• What to produce:
Every line below needs to be transcribed without alteration, and no image may be carried over.

*** Opening The data ***

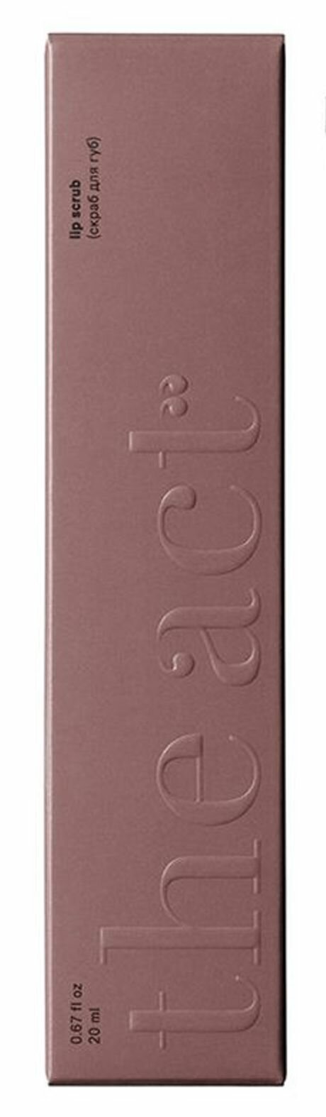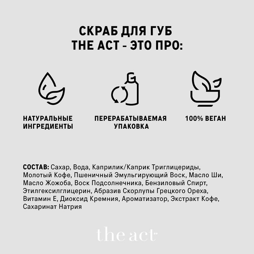 | Способ применения | Нанесите на кожу губ небольшое количество скраба легкими движениями, помассируйте, смойте скраб теплой водой. Используйте 1-2 раза в неделю или при необходимости дополнительного разглаживания кожи перед макияжем. Для наилучшего результата в качестве завершающего этапа ухода воспользуйтесь бальзамом для губ The Act с высоким содержанием пантенола, пептидом и комплексом натуральных масел. |
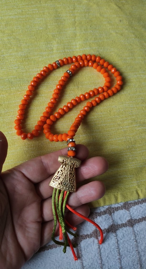 Renkli turuncu boncuklardan oluşan, detaylı metal püskülü ve çok renkli ipleriyle bohem tarzını yansıtan tespih ama bı boncuğu fazla kolye olarakda kullanılabilir kendi tasarimimdir
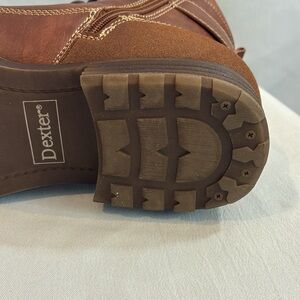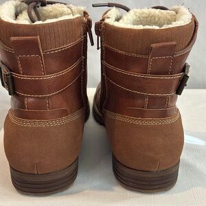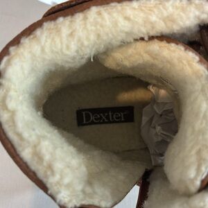 Dexter faux brown leather faux Sherpa lined ankle boots lace up & zip up Size 9
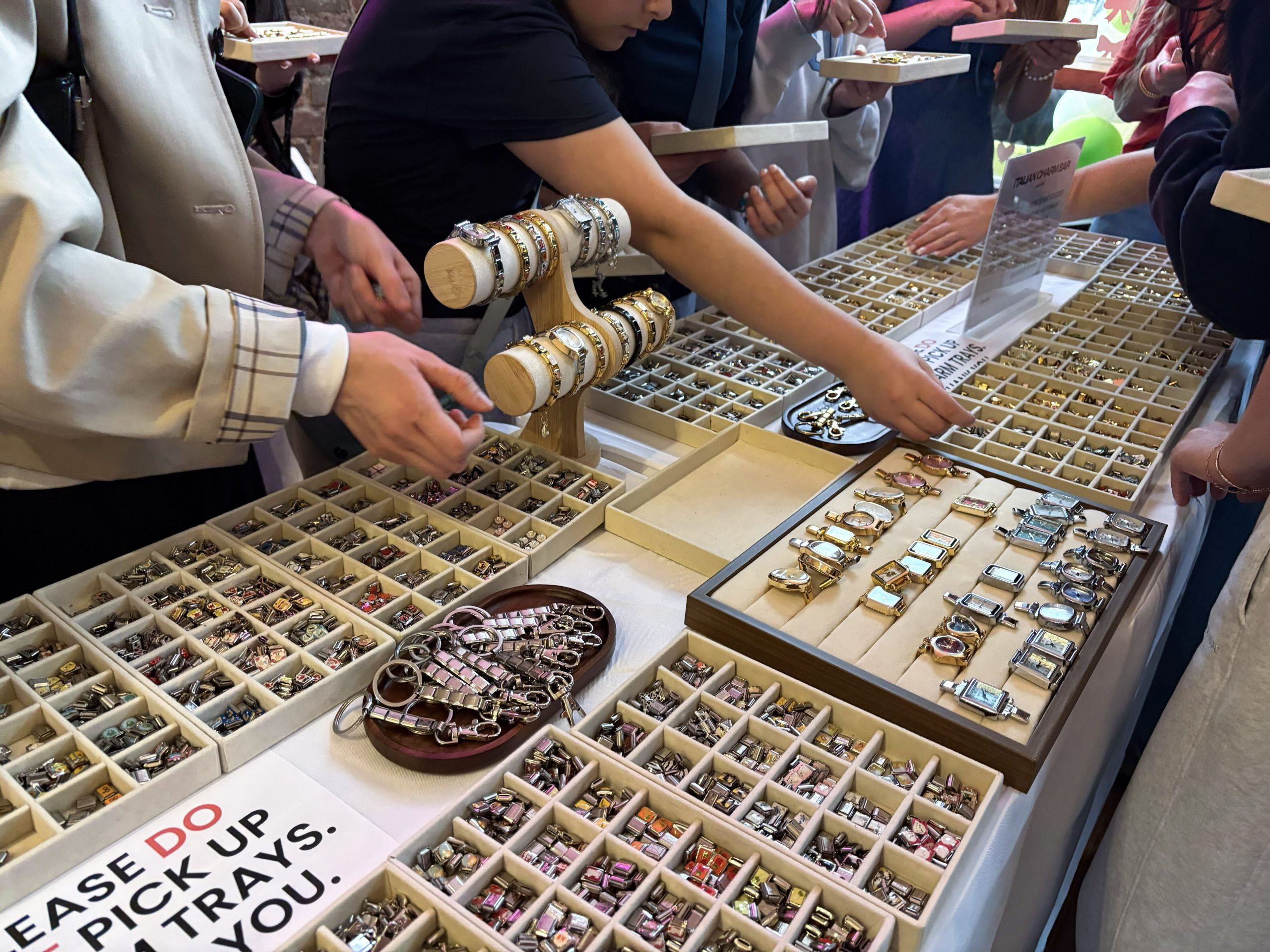 After receiving a bracelet outside the building, participants headed inside to a display of hundreds of different charms. Each bracelet is made from stainless steel.
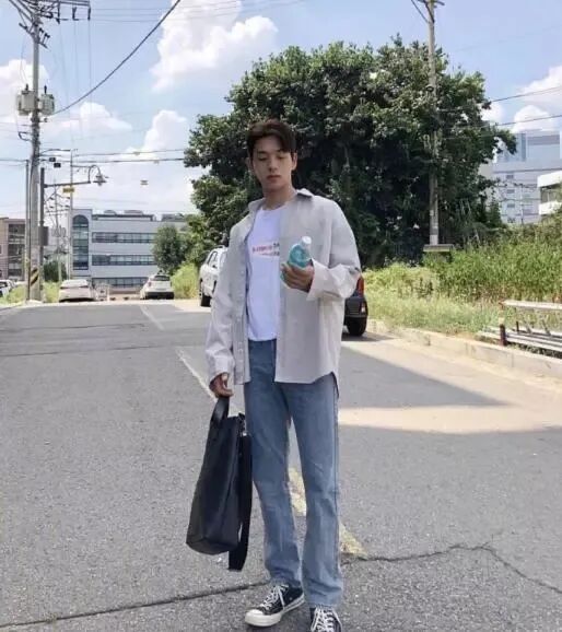 内搭是黑色的圆领T恤,外搭则是白色的翻领衬衣,下身选择的是破洞直筒修身牛仔裤。这款搭配尤其的凸显青春感和朝气感,而且特别的显得男生腿长。非常阳光清新的搭配,是一款不用看脸就能彰显气质的搭配。
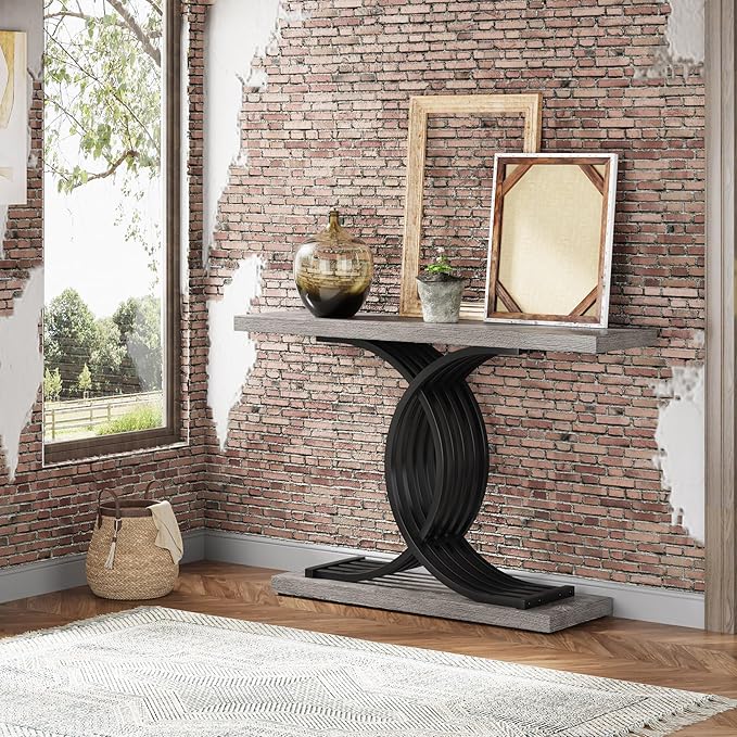 - Farmhouse Theme: Gray color scheme, vivid wood grain texture, and eye-catching outlook perfectly blend farmhouse, vintage, and modern design elements, this console table adds a touch of sophistication and charm to your hallway, entryway, front door, living room, foyer, or entrance.
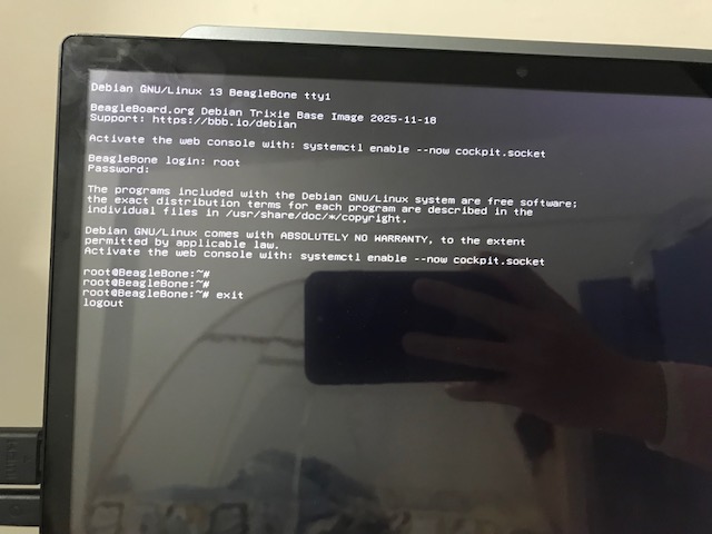 I connected the HDMI to the BBB and was able to log in. However, I discovered that using the exit command causes the system to freeze.
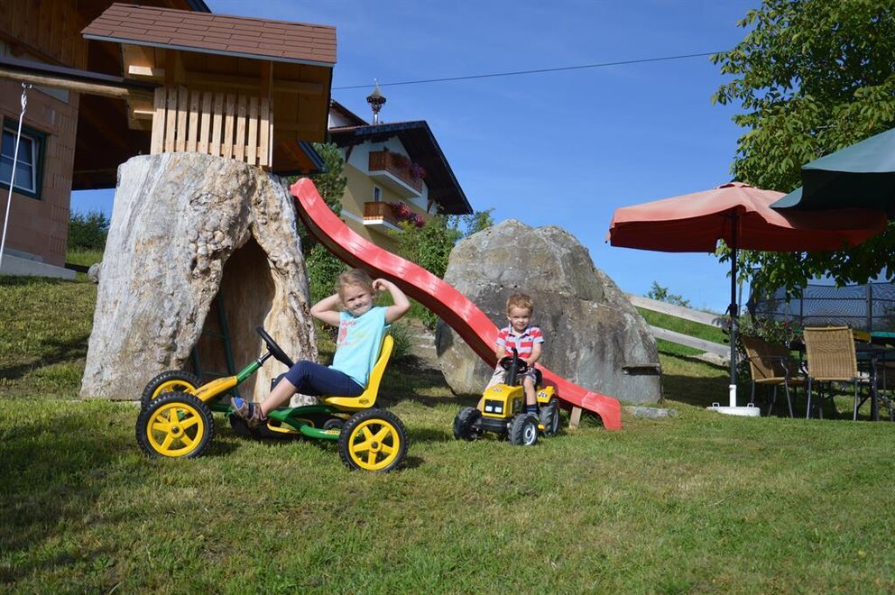 Ein besonderes Anliegen sind uns unsere kleinsten Gäste. Während die Eltern gemütlich im Garten sitzen oder unsere Liegewiese nützen, können sich die Kinder am Spielplatz mit Schaukel, Rutsche, Kletterhäuschen und Riesentrampolin austoben. Mit den Gokarts und Trettraktoren können Ihre Kinder unseren Garten ebenfalls „unsicher“ machen. Das größte Erlebnis für jedes Kind ist aber die vielfältige Tierwelt auf unserem Bauernhof. Ein Besuch im Stall bei unseren Kühen und Enten fasziniert jedes Kind. Und unsere Katzen, Hasen und Ziegen freuen sich schon auf viele Streicheleinheiten.

*** Closing The data ***

• Finished exercise:
 | Способ применения | Нанесите на кожу губ небольшое количество скраба легкими движениями, помассируйте, смойте скраб теплой водой. Используйте 1-2 раза в неделю или при необходимости дополнительного разглаживания кожи перед макияжем. Для наилучшего результата в качестве завершающего этапа ухода воспользуйтесь бальзамом для губ The Act с высоким содержанием пантенола, пептидом и комплексом натуральных масел. |
 Renkli turuncu boncuklardan oluşan, detaylı metal püskülü ve çok renkli ipleriyle bohem tarzını yansıtan tespih ama bı boncuğu fazla kolye olarakda kullanılabilir kendi tasarimimdir
 Dexter faux brown leather faux Sherpa lined ankle boots lace up & zip up Size 9
 After receiving a bracelet outside the building, participants headed inside to a display of hundreds of different charms. Each bracelet is made from stainless steel.
 内搭是黑色的圆领T恤,外搭则是白色的翻领衬衣,下身选择的是破洞直筒修身牛仔裤。这款搭配尤其的凸显青春感和朝气感,而且特别的显得男生腿长。非常阳光清新的搭配,是一款不用看脸就能彰显气质的搭配。
 - Farmhouse Theme: Gray color scheme, vivid wood grain texture, and eye-catching outlook perfectly blend farmhouse, vintage, and modern design elements, this console table adds a touch of sophistication and charm to your hallway, entryway, front door, living room, foyer, or entrance.
 I connected the HDMI to the BBB and was able to log in. However, I discovered that using the exit command causes the system to freeze.
 Ein besonderes Anliegen sind uns unsere kleinsten Gäste. Während die Eltern gemütlich im Garten sitzen oder unsere Liegewiese nützen, können sich die Kinder am Spielplatz mit Schaukel, Rutsche, Kletterhäuschen und Riesentrampolin austoben. Mit den Gokarts und Trettraktoren können Ihre Kinder unseren Garten ebenfalls „unsicher“ machen. Das größte Erlebnis für jedes Kind ist aber die vielfältige Tierwelt auf unserem Bauernhof. Ein Besuch im Stall bei unseren Kühen und Enten fasziniert jedes Kind. Und unsere Katzen, Hasen und Ziegen freuen sich schon auf viele Streicheleinheiten.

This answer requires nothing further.